For this task the 20 newsgroups text dataset is used. [LINK](https://scikit-learn.org/0.19/datasets/twenty_newsgroups.html)

In [1]:
from sklearn.datasets import fetch_20newsgroups
import numpy as np

import nltk, string, re
nltk.download('stopwords')
nltk.download('punkt')
from nltk.corpus import stopwords
from nltk.tokenize import word_tokenize

from torchtext.data.utils import get_tokenizer
from collections import Counter
from torchtext.vocab import Vocab
import torch
from torch import nn
from torch.utils.data import DataLoader, TensorDataset

device = torch.device('cuda' if torch.cuda.is_available() else 'cpu')
print(f"Available device : {device}")

[nltk_data] Downloading package stopwords to /root/nltk_data...
[nltk_data]   Package stopwords is already up-to-date!
[nltk_data] Downloading package punkt to /root/nltk_data...
[nltk_data]   Package punkt is already up-to-date!
Available device : cuda


## Task 1: Preprocessing of Dataset (5 points)
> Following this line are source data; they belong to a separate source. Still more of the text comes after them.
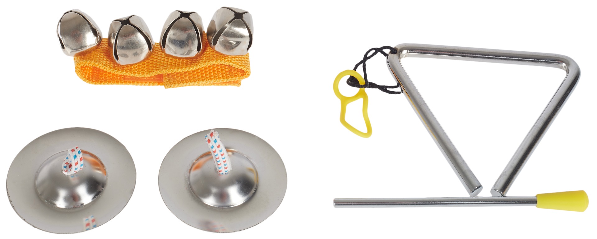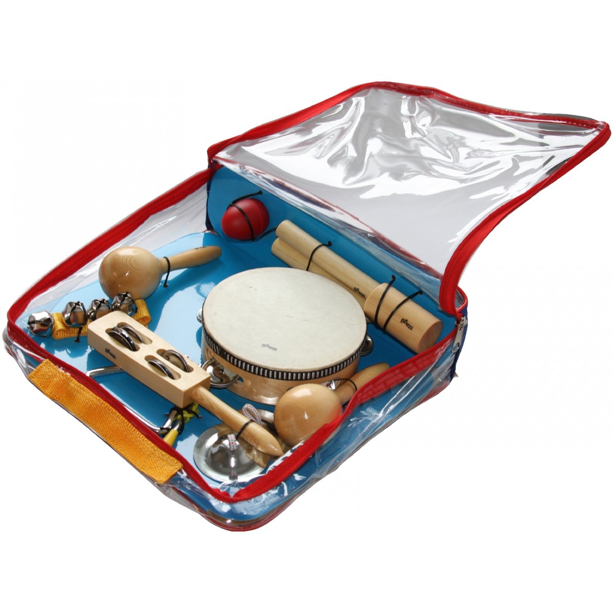 Perkusová sada Malá bicia súprava vhodná pre deti od troch rokov. Nájdete tu triangel, drevené klavesnice, 6-palcovú tamburínu, pár maracas, drevený šejker, plastový šejker, zvončeky a pár náprstkových činelov.
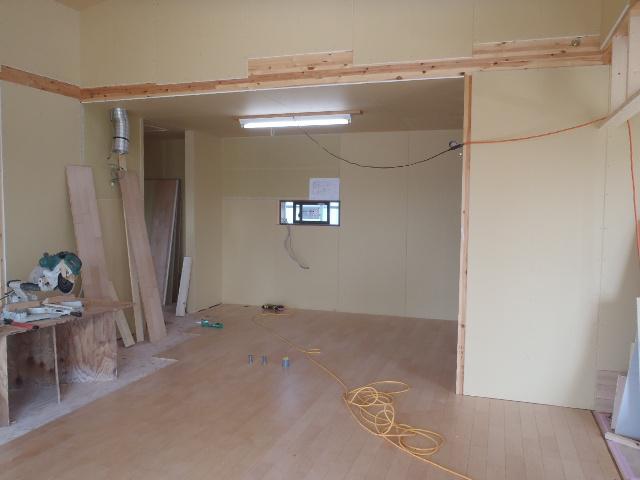 木工事(床フローリング貼り、床養生敷き、壁下地・プラスターボード
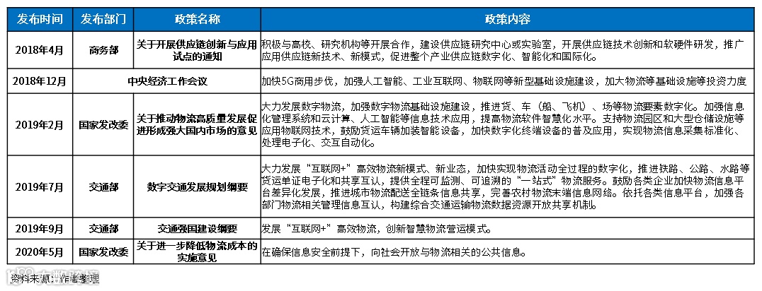 未来五年内,伴随新基建等数字经济方面的国家政策不断发布落地,企业物流有望受惠于政策鼓励的新型基础设施持续投入,加速进入数字化快车道,并能够持续降低数字化建设和运营的成本。
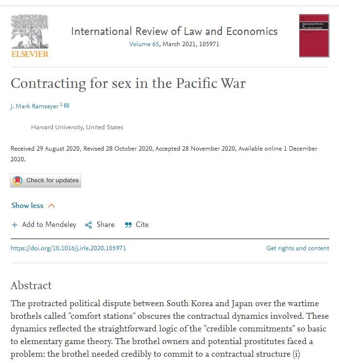 산케이신문은 램지어 교수의 양해를 얻어 논문 요지를 인터넷판에 공개했으며 논문정보 사이트 '사이언스 다이렉트'에서 논문 초록의 열람도 가능한 상태다.
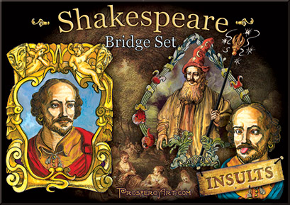 Produk ini akan meningkatkan kenyamanan Anda dari kartu apa saja yang Anda mainkan, dan meningkatkan pengetahuan di Great Bard pada saat yang sama. Kualitas bermain kartu ini, fitur didesain mewah penuh warna dalam gaya bahasa Inggris High Renaissance. Kartu-kartu fitur yang menghina Shakespeare pada setiap kartu, dengan total 54 tanda kutip di setiap deck. The aces, wajah dan kartu joker fitur historis pastiches menggunakan foto dari tuan lama seperti Michelangelo dan Rembrandt.
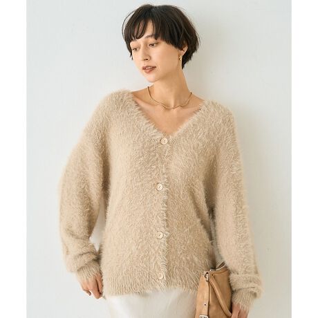 ふわふわとした毛足感と、さりげなくきらめくラメ糸が魅力のラメシャギーニットカーディガン。

1.  Loading and cleaning of Text data:
    * Choose 4 categories from the dataset  
    * Implement a method `clean_text` which will take text then make text lowercase, remove punctuation, whitespaces and stopwords
    * Plot the distribution of classes/categories

In [2]:
categories = ['alt.atheism', 'comp.graphics', 'rec.autos', 'sci.space'] #TODO: Choose 4 categories from the dataset
newsgroups_train = fetch_20newsgroups(subset='train', categories=categories, remove=('headers', 'footers', 'quotes'))
newsgroups_valid = fetch_20newsgroups(subset='test', categories=categories, remove=('headers', 'footers', 'quotes'))


In [3]:
def clean_text(text):
    """ Function to perform common NLP pre-processing tasks. """
    # make lowercase
    text = text.lower()
    # remove punctuation
    text = word_tokenize(text)
    # remove numbers
    text = [re.sub(r"\d*", "", w) for w in text]
    # remove whitespaces
    text = [re.sub(r" *", "", w) for w in text]
    # remove stopwords
    stop_words = set(stopwords.words("english"))
    text = [w for w in text if w not in stop_words]
    # remove short words
    text = [w for w in text if len(w) > 3]
    return " ".join(text)

In [4]:
train_sentences = []
validation_sentences = []

train_labels = []
validation_labels = []


# Clean training sentences
for id in range(len(newsgroups_train.data)):
    text = clean_text(newsgroups_train.data[id])
    label = newsgroups_train.target[id]
    if text:
        train_sentences.append(text)
        train_labels.append(label)

# Clean validation sentences
for id in range(len(newsgroups_valid.data)):
    text = clean_text(newsgroups_valid.data[id])
    label = newsgroups_valid.target[id]
    if text:
        validation_sentences.append(text)
        validation_labels.append(label)

## Create vocabulary

In [5]:
# Create tokenizer
en_tokenizer = get_tokenizer('spacy', language='en')

# Create vocabulary
def build_vocab(sentences, tokenizer):
    counter = Counter()
    for sentence in sentences:
        counter.update(tokenizer(sentence))
    return Vocab(counter, specials=['<unk>', '<pad>'])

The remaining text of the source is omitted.